Nikoloz Sherazadishvili Sakvarelidze (ნიკოლოზ შერაზადიშვილი საყვარელიძე; born 19 February 1996) is a judoka. Born in Georgia, he competes internationally for Spain.

==Early life==
Sherazadishvili began training in the sports of Judo and Water Polo at the age of 10, and immigrated to Madrid, Spain with his parents at the age of 14, he then decided to focus on Judo, where he would enter a club ran by former-Olympian, Joaquín "Quino" Ruiz, in Brunete, just outside Madrid. Sherazadishvili was granted Spanish citizenship in 2014, so he could begin competing under the Spanish flag.

==Judo career==
===2018===
In April 2018, Sherazadishvili competed at the 2018 European Judo Championships in Tel Aviv, Israel, where he would successfully win a bronze medal. He lost to Mikhail Igolnikov in the quarter-final match by ippon in 18 seconds; however, he then rebounded against Belarus' judoka, Yahor Varapayeu to give Sherazadishvili his first ever senior continental medal.

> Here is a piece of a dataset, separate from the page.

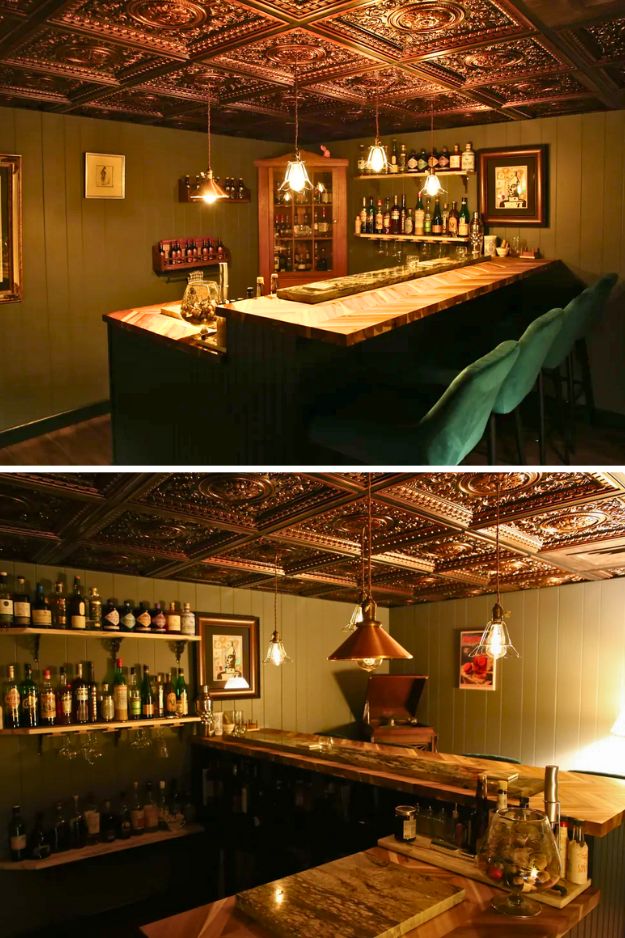 This home bar looks like the kind of place you’d stumble into after midnight and never want to leave. What’s wild is how he pulled this off with just an 8-foot ceiling, low enough to feel intimate, but not claustrophobic. The secret is ABS ceiling tiles. It mimics real tin but is way easier to install. He just swapped them into a drop ceiling grid and boom, instant speakeasy vibes.

===2018 World Judo Championships===
On 24 September 2018, Sherazadishvili qualified for his first senior world championships, which were held in Baku, Azerbaijan. He would beat Iceland's Blondal in his first match and rematch his former opponent and 2018 European champion, Mikhail Igolnikov whom he would defeat by waza-ari. In the fourth round he would defeat Turkish judoka, Mikail Ozerler and would defeat former World Champion, Asley Gonzalez in the quarter-finals; advancing Sherazadishvili to the semi-finals. Sherazadishvili met with Hungary's Krisztian Toth whom he defeated by ippon and advanced to the finals against Ivan Felipe Silva. Sherazadishvili made history and became Spain's first ever world champion, when he won by ippon in the finals.